## Work instruction
Find, in the records below, the line that contains "Conference League clash" and the line that contains "Die separate Küche". Copy those two lines and everything between them exactly, but not the pictures.
Top of Material for the task
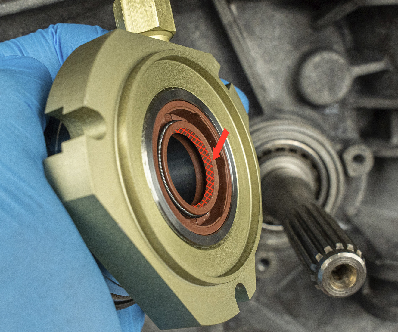5. Несмотря на то, что мы уже смазали поверхность вала, смазываем и уплотняющую кромку сальника во фланце РЦС. Аккуратно смазать трансмиссионным маслом нужно только кромку сальника, чтобы это масло больше никуда не попало — как на иллюстрациях. Так мы гарантируем отсутствие сухого трения сальника цилиндра сцепления и выход его из строя в первые минуты запуска двигателя автомобиля.
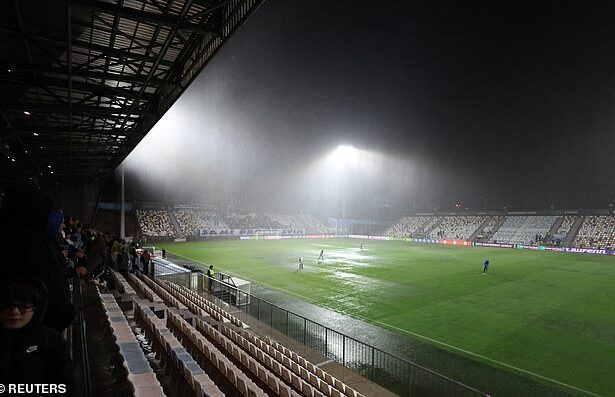 Conference League clash suspended after only 12 MINUTES after torrential rain leaves enormous puddles on pitch
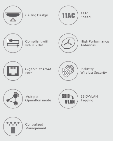 طراحی دوبانده این AP باعث می شود که در یک تراکم بالا و عملکرد بالا را فراهم کند تا new 802.11ac and legacy 802.11a/b/g/n client. وای فای 802.11ac همراه با اترنت گیگابیت، ارسال داده را سرعت می بخشد بدون هیچگونه تنگنا (مانع)، برای برنامه هایی با پهنای باند بالا مانند ارسال ویدیو ها و دانلود های p2p و بازی مناسب است.
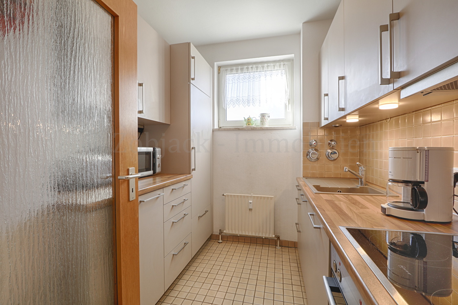 Die separate Küche ist mit einer praktischen Einbauküche ausgestattet und bietet ausreichend Platz zum Kochen. Das helle Bad ist zeitlos gefliest und verfügt über eine Badewanne und ein Fenster, was für eine angenehme Atmosphäre und gute Belüftung sorgt.
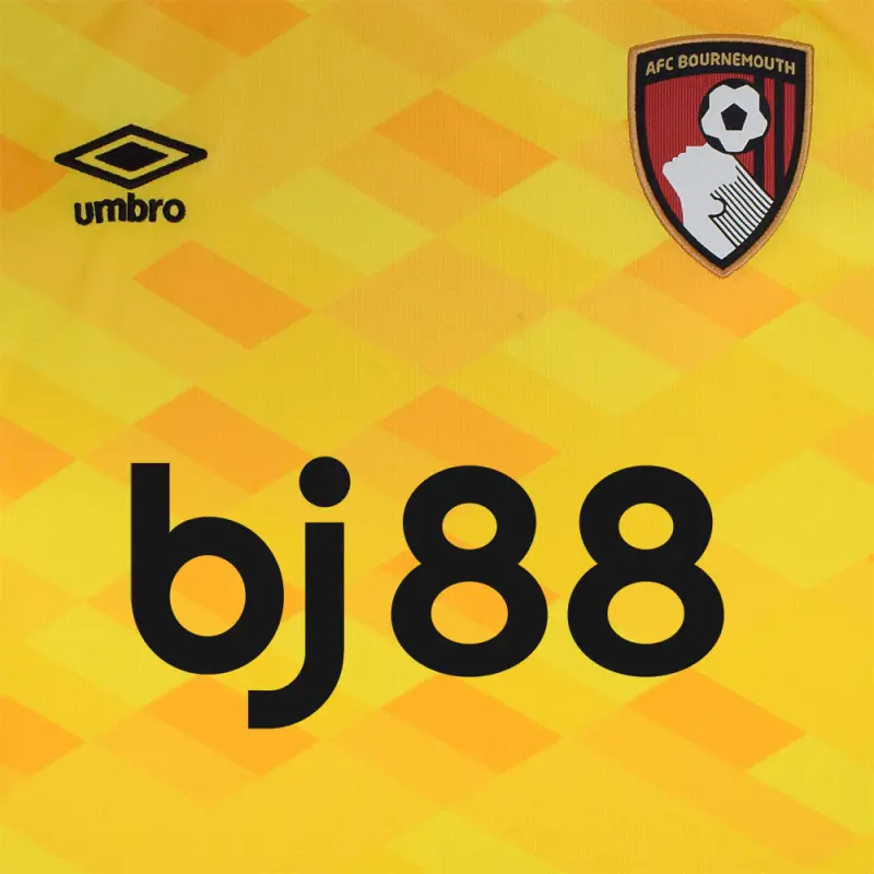 This men’s 2024/25 AFC Bournemouth goalkeeper shirt has a bold design, finished in bright yellow, with a tonal diamond pattern on the front. The long sleeved top is identical to the jerseys worn by the Cherries’ shot-stoppers this season, and is made from moisture wicking material for comfort, with ribbed collar and cuffs, and AFCB initialling on the rear neckline. Finished with the BJ88 sponsor’s logo on the chest, alongside Umbro’s centenary stacked diamond motif, and the Cherries embroidered club crest.
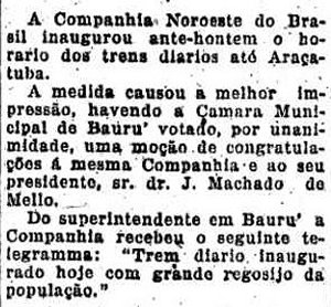 Estrada de Ferro Noroeste do Brasil foi aberta em 1906, seguindo a
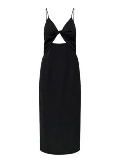Robe Only. Modèle Iris Thalia. Couleur noire. Coupe midi. Ouverture latérale. Fermeture à glissière arrière. Bretelles réglables. Encolure nouée. Découpe sous la poitrine.
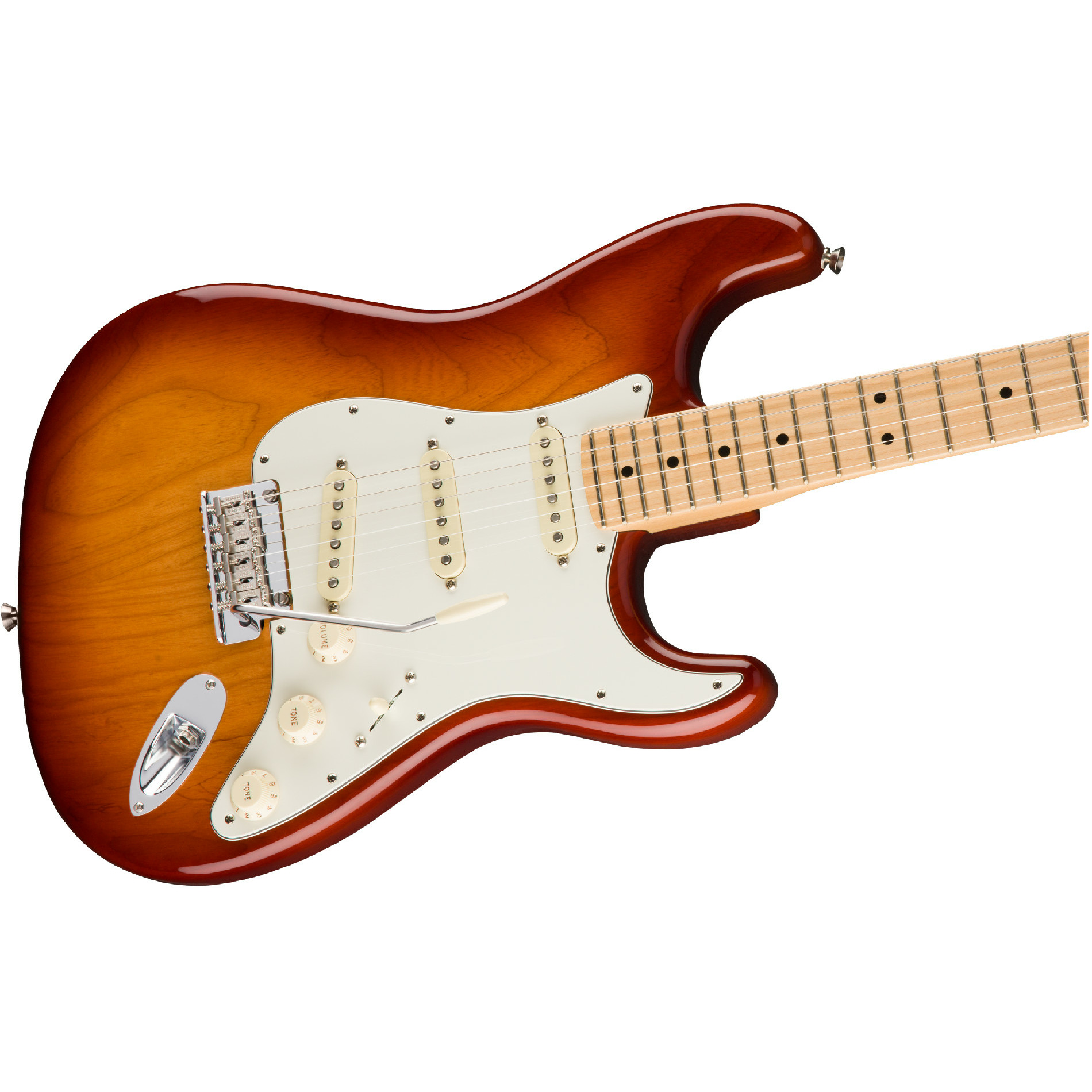 Новые звукосниматели V-Mod, разработанные легендарным мастером Тимом Шоу, специально сконфигурированы каждый для своей позиции. В них используются алнико-магниты различных типов, что позволяет лучше передавать нюансы звучания каждой струны, сохраняя при этом узнаваемое звучание Fender. Благодаря новому тонкомпенсирующему контуру, при работе ручкой громкости звук гитары всегда остается чистым и прозрачным. Новый профиль грифа Modern „Deep C“ удобно ложится в руку, а узкие высокие лады (narrow-tall) облегчают подтяжку струны и улучшают интонирование при исполнении аккордов.
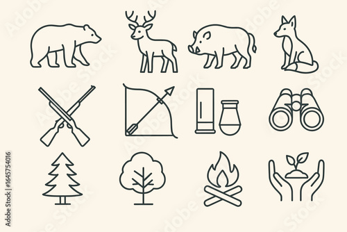 Fototapeta premium Hunting and Wildlife Icons Set – Forest Animals, Survival and Outdoor Elements
Bottom of Material for the task
## Exercise answer
 Conference League clash suspended after only 12 MINUTES after torrential rain leaves enormous puddles on pitch
 طراحی دوبانده این AP باعث می شود که در یک تراکم بالا و عملکرد بالا را فراهم کند تا new 802.11ac and legacy 802.11a/b/g/n client. وای فای 802.11ac همراه با اترنت گیگابیت، ارسال داده را سرعت می بخشد بدون هیچگونه تنگنا (مانع)، برای برنامه هایی با پهنای باند بالا مانند ارسال ویدیو ها و دانلود های p2p و بازی مناسب است.
 Die separate Küche ist mit einer praktischen Einbauküche ausgestattet und bietet ausreichend Platz zum Kochen. Das helle Bad ist zeitlos gefliest und verfügt über eine Badewanne und ein Fenster, was für eine angenehme Atmosphäre und gute Belüftung sorgt.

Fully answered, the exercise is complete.